Exporting teff to Europe
Teff is one of the smallest-sized grains and a staple food in Ethiopia. Teff was initially exported to supply Ethiopians living abroad, but it has caught the interest of many other consumers in Europe. Its nutritional value and gluten-free nature make teff very suitable as an ingredient on the increasing market for healthy bakery, cereal and snack products.
Contents of this page
- What makes Europe an interesting market for teff?
- Which trends offer opportunities on the European market for teff?
- Which requirements should teff comply with to be allowed on the European market?
- Which additional requirements do buyers often have?
- What are the requirement for niche markets?
- What competition do you face on the European teff market?

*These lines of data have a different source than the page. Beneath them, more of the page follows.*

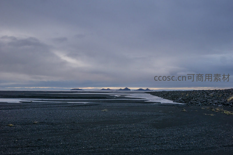 退潮后的黑色沙滩上,浅浅水道如银带般蜿蜒曲折,远处岛屿剪影在灰蓝色天空下清晰可见,构成一幅静谧而富有层次的海岸线画卷。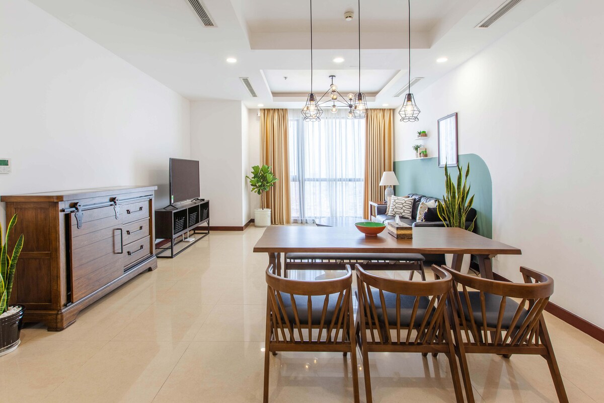 El apartamento con una superficie de más de 110 m2, se encuentra en la zona urbana de la ciudad real de Vinhomes, que tiene una ubicación céntrica. En el complejo urbano, se encuentra el centro comercial más grande de Vietnam, pista de patinaje sobre hielo cubierta, zona de juegos infantiles. El apartamento es adecuado para familias que viajan debido a su proximidad a lugares divertidos. Y apto para huéspedes de negocios debido a que es conveniente moverse entre ubicaciones.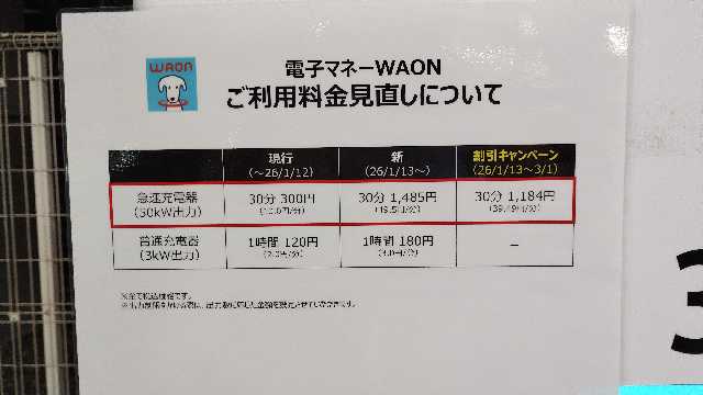 ニチコン製50kW×2器とPanasonic製4kW×8器(うち1器故障中)です。急速充電器も普通充電器もWAONで充電がお得です。スロープ下なので雨の日濡れなくて良いですね!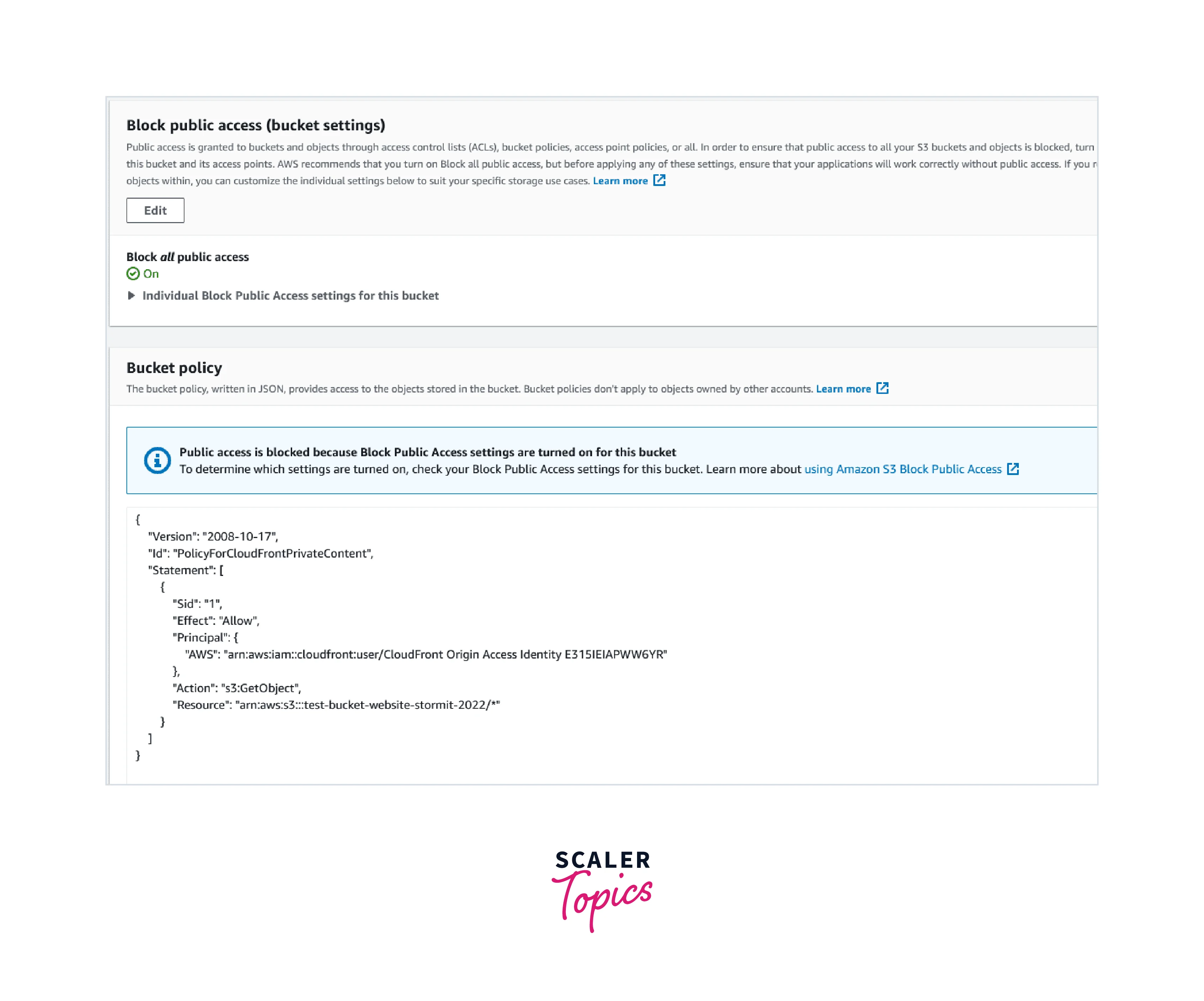 - Don't forget to disable all public access in your S3 bucket's permissions. Another change should be a new bucket policy.

- What are substitute products?
- Who are your rivals?
- Through which channels can you get teff on the European market?
- What are the end-market prices for teff?
Teff (Eragrostis tef) is a grain crop and part of the family of true grasses (Poaceae), similar to millet. The grains are coloured either ivory (“white teff”) or reddish brown (“brown teff”) and are very small (0.5–1 mm). Around 3,000 grains of teff weigh no more than one gram. Teff is processed as a whole grain because of its small size.

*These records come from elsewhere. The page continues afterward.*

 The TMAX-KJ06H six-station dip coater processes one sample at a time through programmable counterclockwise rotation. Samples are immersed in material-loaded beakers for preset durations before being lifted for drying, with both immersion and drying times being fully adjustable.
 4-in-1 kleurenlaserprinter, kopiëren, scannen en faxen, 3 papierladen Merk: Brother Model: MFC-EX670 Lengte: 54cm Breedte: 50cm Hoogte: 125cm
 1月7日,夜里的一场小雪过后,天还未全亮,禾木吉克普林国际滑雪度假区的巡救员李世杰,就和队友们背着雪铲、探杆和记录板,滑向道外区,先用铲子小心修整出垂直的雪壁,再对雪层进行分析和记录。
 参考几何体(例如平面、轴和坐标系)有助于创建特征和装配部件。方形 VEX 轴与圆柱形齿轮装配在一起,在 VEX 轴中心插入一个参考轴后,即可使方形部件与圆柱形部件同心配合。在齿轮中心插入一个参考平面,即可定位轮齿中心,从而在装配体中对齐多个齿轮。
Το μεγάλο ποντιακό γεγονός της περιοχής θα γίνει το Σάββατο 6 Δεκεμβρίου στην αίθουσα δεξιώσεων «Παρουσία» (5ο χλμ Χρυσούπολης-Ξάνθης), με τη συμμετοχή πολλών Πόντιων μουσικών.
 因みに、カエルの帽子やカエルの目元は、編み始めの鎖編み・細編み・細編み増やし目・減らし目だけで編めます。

Teff has its origin in Ethiopia, where it is a staple crop often used for injera, a local type of flat bread. In South Africa, the USA and Australia, teff grass is used as forage. Teff is milled and consumed as an alternative to regular wheat flour in many other countries such as the USA and, increasingly, European countries. It is high in protein and minerals, and is suitable for the gluten-free market.
There is no specific statistical code for teff. Although niche cereals including teff are registered under the statistical code 1008.90.00 (see Table 1), teff is sometimes also traded under 1008.29.00, the code of millet. Be aware that teff is also imported as flour, which is not included in the trade statistics.
Table 1: Combined Nomenclature (CN) Code for Teff among other cereals, hereinafter also referred to as niche cereals
1008.90.00 (from 2012)
CEREALS (EXCL. WHEAT AND MESLIN, RYE, BARLEY, OATS, MAIZE, RICE, BUCKWHEAT, MILLET, CANARY SEED AND GRAIN SORGHUM)
1008.90.90 (until 2012)
CEREALS (EXCL. WHEAT AND MESLIN, RYE, BARLEY, OATS, MAIZE, RICE, BUCKWHEAT, MILLET, CANARY SEED, TRITICALE AND GRAIN SORGHUM)
Source: Eurostat (Comext)
Growing demand for niche cereals from developing countries
There is a notable growing demand for niche and special cereals. Although specific statistics for teff are not available, it is often considered to have a similar potential to quinoa, another gluten-free grain.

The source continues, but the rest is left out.